6. method as claimed in claim 5, wherein said related blocks motion vector are the low-pass filtering of described motion vector.

7. method as claimed in claim 5, wherein said jitter compensation comprise the self adaptation accumulation of described bulk motion vector, to define the position of the subwindow in the described incoming frame.

8. method as claimed in claim 5, the wherein said piece that is divided into gives the coldest days of the year end individual piece between 40.

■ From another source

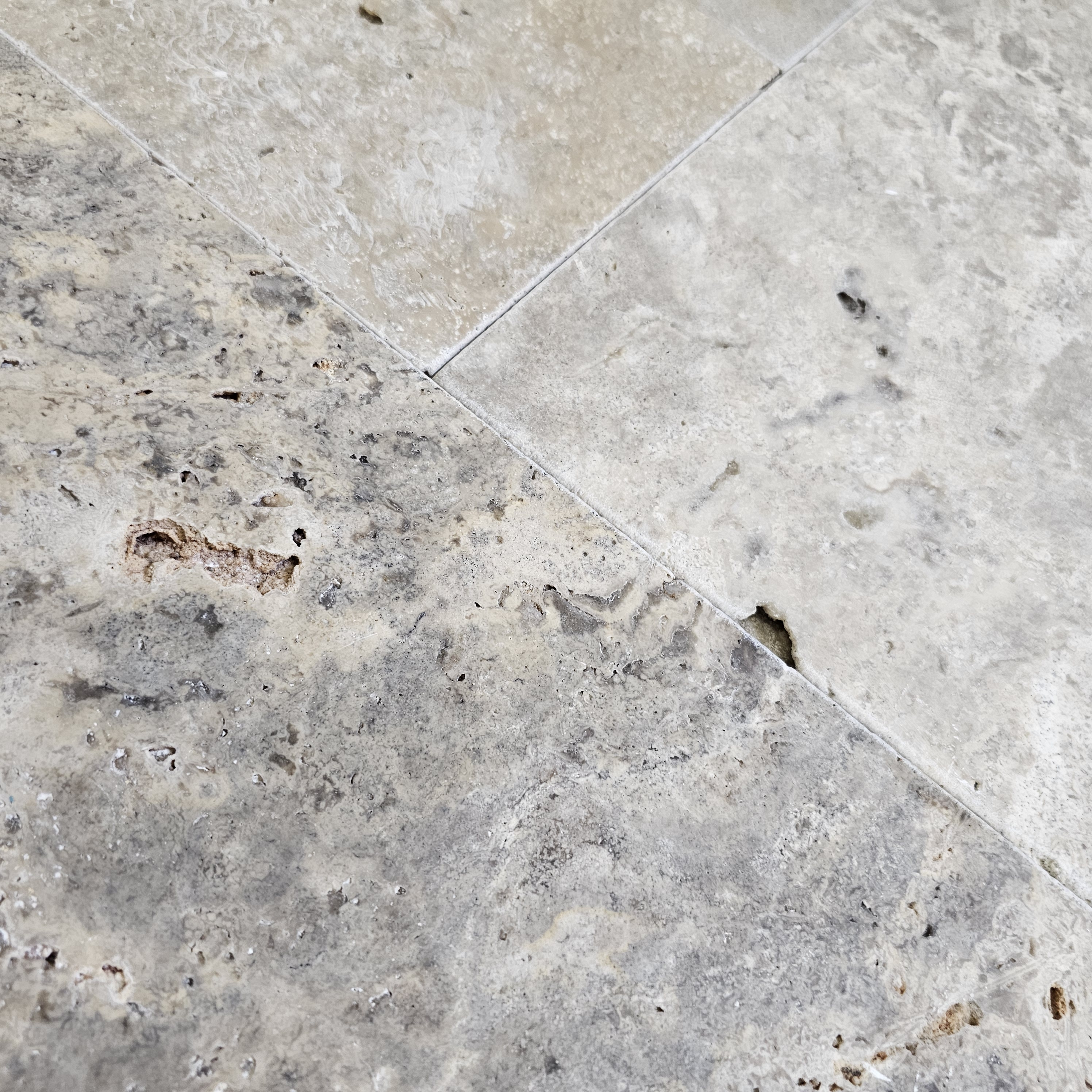 TRAVERTIN SILVER TUMBLED FP SET - 1.2 cm, set French Pattern grosime 1.2 cm, format din placi de diferite dimensiuni, finisaj antichizat Tumbled, in nuante de gri inchis si deschis cu diverse variatii naturale, potrivit pentru pardoseli sau pereți, interior și exterior.
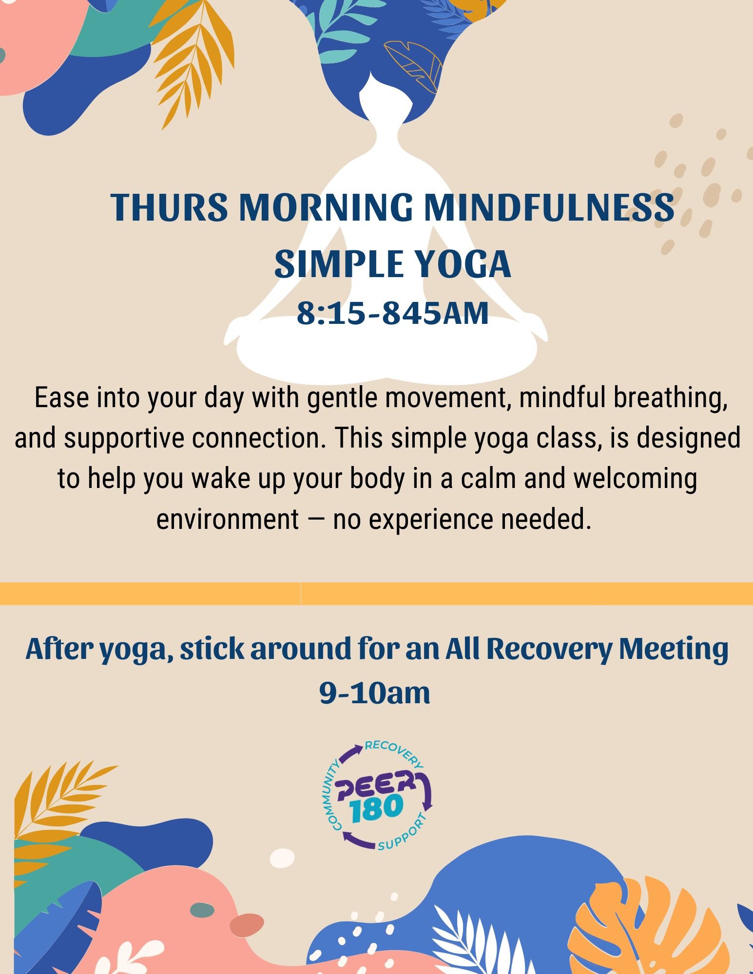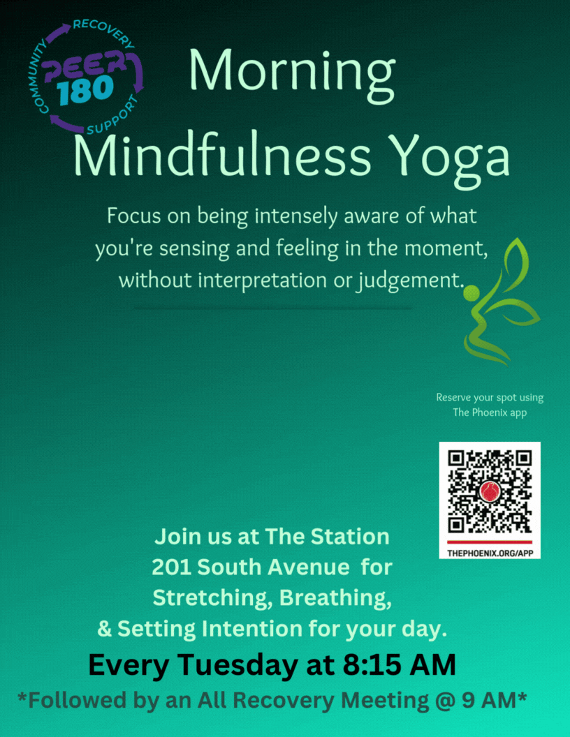 Morning Mindfulness is gentle Yoga and stretching. We take the time to start our day with the goal of being present, grateful, and focused on our intentions. We help guide you through a morning routine that promotes not only intention, but kindness and awareness of ourselves and others. This program aims to support individuals in growing positive mindsets to help ourselves and others face the daily challenges that recovery brings. Morning Mindfulness sessions are thirty minutes long and followed directly by an All Recovery Meeting.

9. video camera, it comprises:

(a) picture grabber;

(b) shake estimator, it is coupled to described picture grabber, and described shake estimator comprises:

(i) sampler under the resolution demixing;

(ii) sectionalizer, it is coupled to described sampler down, and described sectionalizer can be operated to find out segmentation at each level of the resolution demixing that calculates in regular turn from the input picture and add motion vector;

(iii) bulk motion vector determiner, it is coupled to described sectionalizer;

(c) memory, it is used for the resolution demixing of previous frame, and described memory is coupled to described shake estimator; And

(d) jitter motion compensator, it is coupled to described shake estimator.

10. video camera as claimed in claim 9, wherein:

(a) described shake estimator is implemented on the programmable processor as program.